How to handle the unsigned types (especially u4) of a Java class file in a Java program?


From the Java Virtual Machine specification:

A class file consists of a stream of 8-bit bytes. All 16-bit, 32-bit, and 64-bit quantities are constructed by reading in two, four, and eight consecutive 8-bit bytes, respectively. Multibyte data items are always stored in big-endian order, where the high bytes come first. In the Java platform, this format is supported by interfaces java.io.DataInput and java.io.DataOutput and classes such as java.io.DataInputStream and java.io.DataOutputStream.

This chapter defines its own set of data types representing class file data: The types u1, u2, and u4 represent an unsigned one-, two-, or four-byte quantity, respectively. In the Java platform, these types may be read by methods such as readUnsignedByte, readUnsignedShort, and readInt of the interface java.io.DataInput.

Aside from the irritating mentioning of "64-bit quantities" (there is no u8, long and double are splitted in two u4 items), I don't understand how to handle the u4 type.

For u1 and u2 it's clear:

  • u1: read with readUnsignedByte, store in an int
  • u2: read with readUnsignedShort, store in an int

The specification advises this:

  • u4: read with readInt, store in an int (?)

What happens to values greater than Integer.MAX_VALUE? Does this advice silently imply that all values of type u4 are less than or equal to Integer.MAX_VALUE?

I came up with this idea:

  • u4: read with readUnsignedInt, store in a long

Unfortunalety, there is no such method. But that's not the problem, since you can easily write your own:

public long readUnsignedInt() throws IOException {
    return readInt() & 0xFFFFFFFFL;
}

So, here are two questionable spots:

  1. The Code attribute:

Code_attribute {
...
u4 code_length;
u1 code[code_length];
...
}

Why is code_length not of type u2? Later it says:

The value of the code_length item must be less than 65536.

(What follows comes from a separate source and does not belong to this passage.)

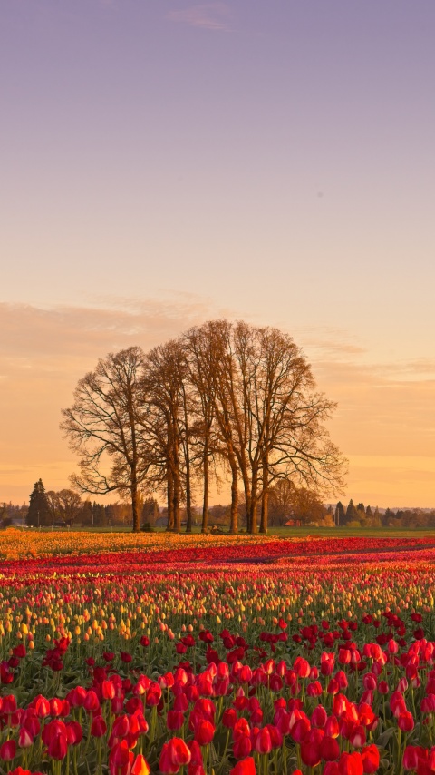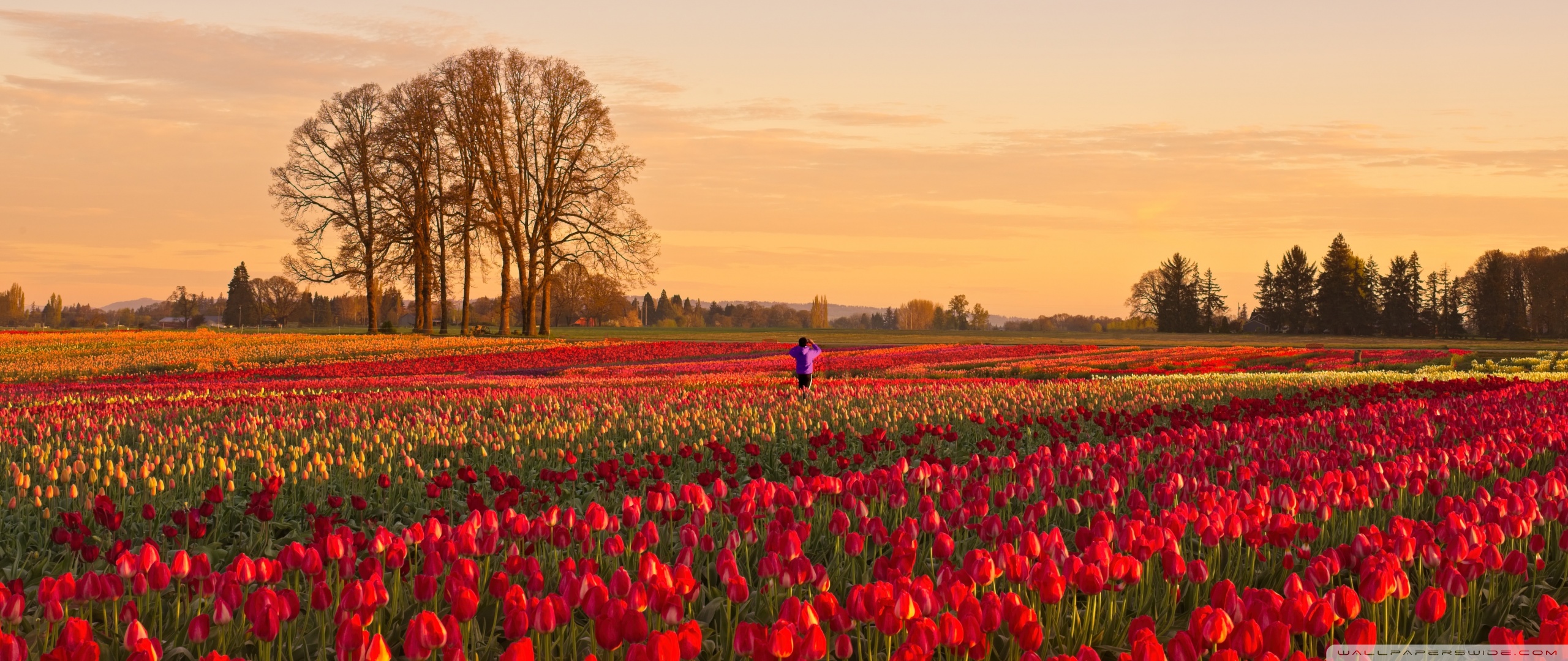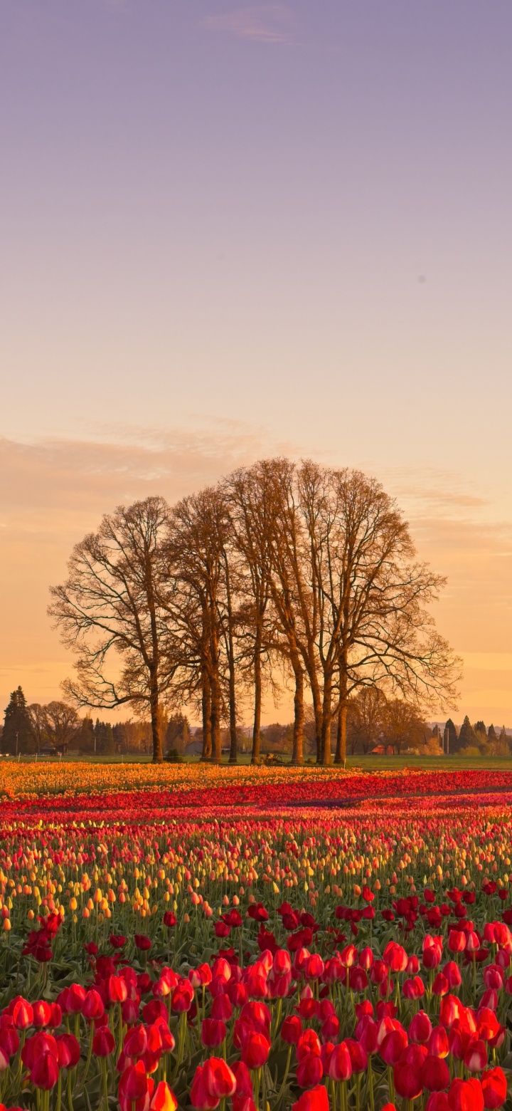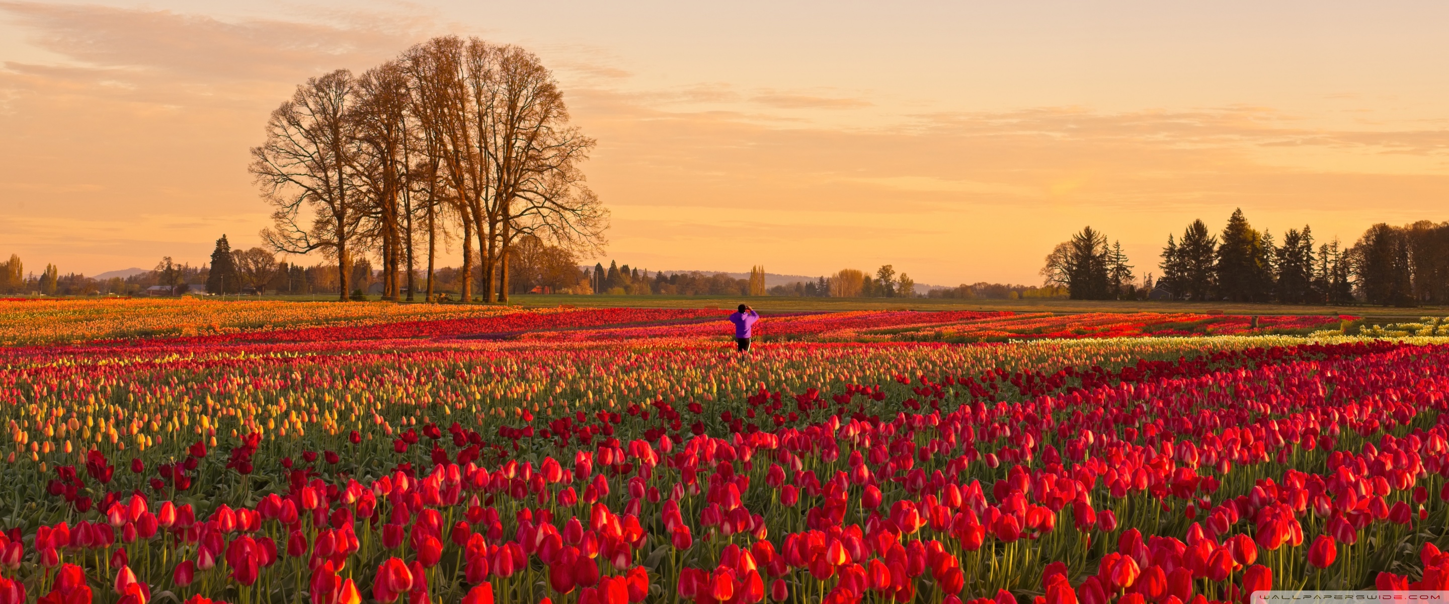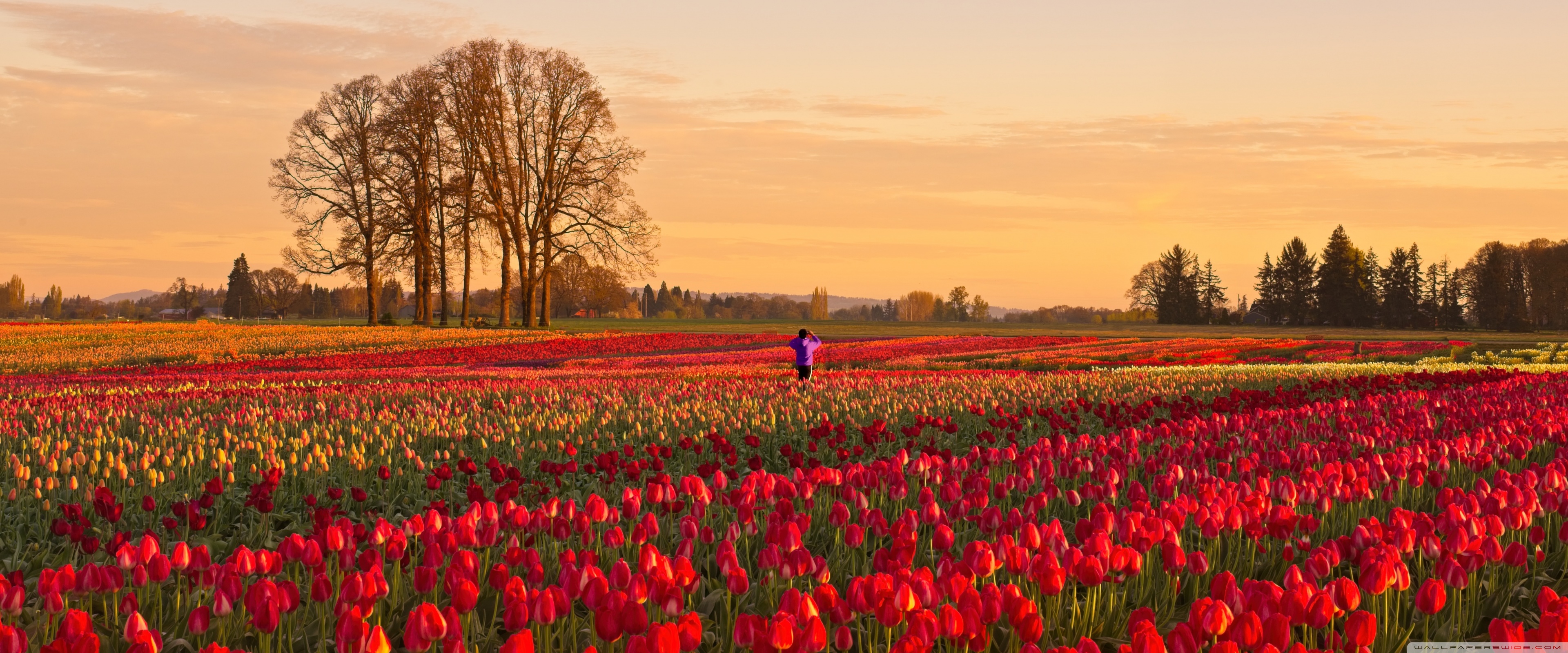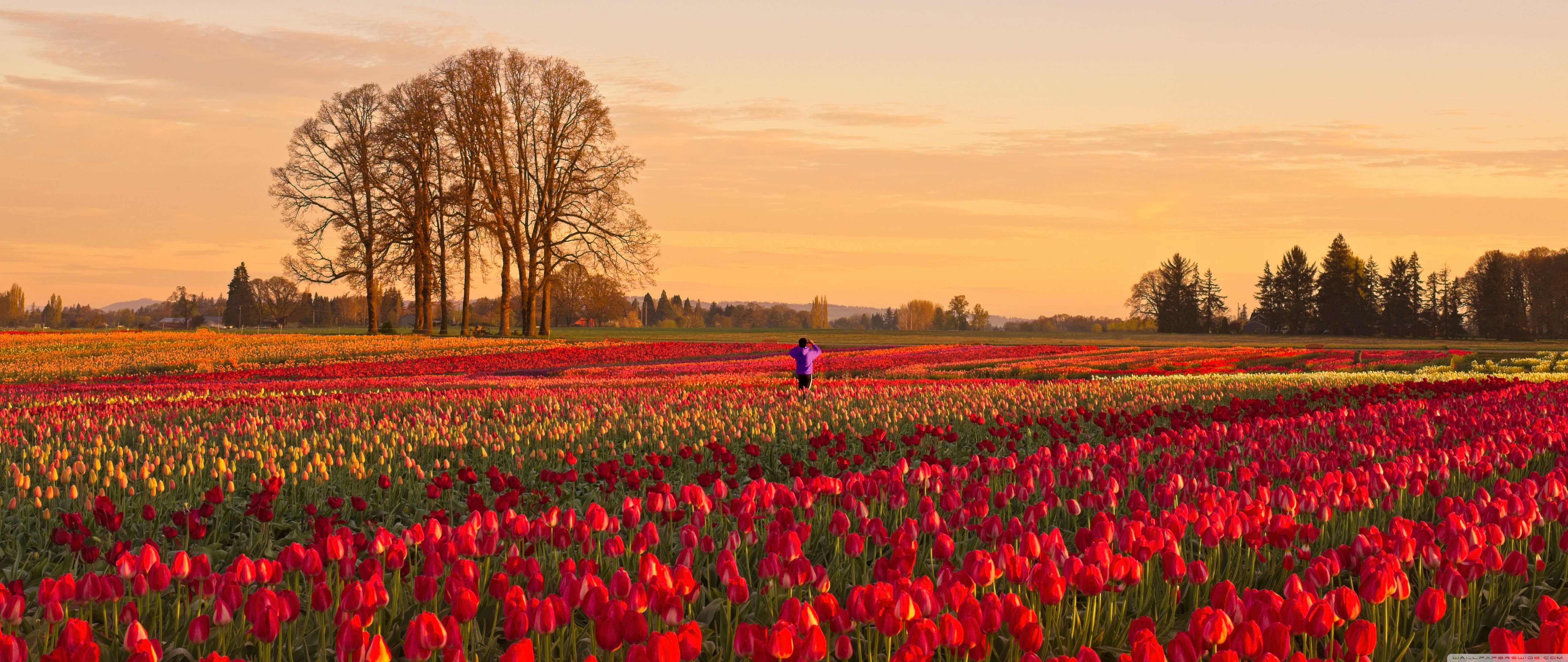 Download Tulip Fields at Sunrise with Hot Air Balloon 4K UHD Wallpaper

  1. The SourceDebugExtension attribute:

SourceDebugExtension_attribute {
...
u4 attribute_length;
u1 debug_extension[attribute_length];
}
...
Note that the debug_extension array may denote a string longer than that which can be represented with an instance of class String.

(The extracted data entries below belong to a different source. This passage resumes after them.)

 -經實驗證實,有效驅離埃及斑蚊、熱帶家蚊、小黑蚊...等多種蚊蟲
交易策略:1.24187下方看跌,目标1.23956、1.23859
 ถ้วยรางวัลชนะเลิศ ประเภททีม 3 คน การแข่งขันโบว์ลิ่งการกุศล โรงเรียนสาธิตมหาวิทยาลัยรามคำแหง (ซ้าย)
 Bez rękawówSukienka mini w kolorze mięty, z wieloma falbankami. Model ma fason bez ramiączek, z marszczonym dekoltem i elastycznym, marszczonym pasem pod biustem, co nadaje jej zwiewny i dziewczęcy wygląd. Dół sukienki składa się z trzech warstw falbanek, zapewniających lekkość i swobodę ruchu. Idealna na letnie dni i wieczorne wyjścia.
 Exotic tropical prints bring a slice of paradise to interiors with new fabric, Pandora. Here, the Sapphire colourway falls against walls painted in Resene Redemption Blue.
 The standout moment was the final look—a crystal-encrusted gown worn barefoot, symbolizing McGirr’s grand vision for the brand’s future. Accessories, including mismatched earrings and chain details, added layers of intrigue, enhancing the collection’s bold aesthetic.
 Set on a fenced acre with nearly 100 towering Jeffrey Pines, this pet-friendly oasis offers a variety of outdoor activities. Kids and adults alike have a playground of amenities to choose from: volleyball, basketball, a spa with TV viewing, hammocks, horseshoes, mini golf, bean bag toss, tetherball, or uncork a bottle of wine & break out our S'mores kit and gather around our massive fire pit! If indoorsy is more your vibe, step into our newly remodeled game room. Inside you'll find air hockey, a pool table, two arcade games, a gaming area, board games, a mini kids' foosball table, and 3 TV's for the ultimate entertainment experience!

Why? Can u4 values indeed exceed Integer.MAX_VALUE (since I think this is the maximum length of a String instance)?


Solution

    1. To easily lift 64K code length restriction, if such a need arise.
    2. Since there is no mention that u4 values cannot exceed Integer.MAX_VALUE, then one must assume that u4 values can exceed Integer.MAX_VALUE. JVM spec lefts nothing implicit.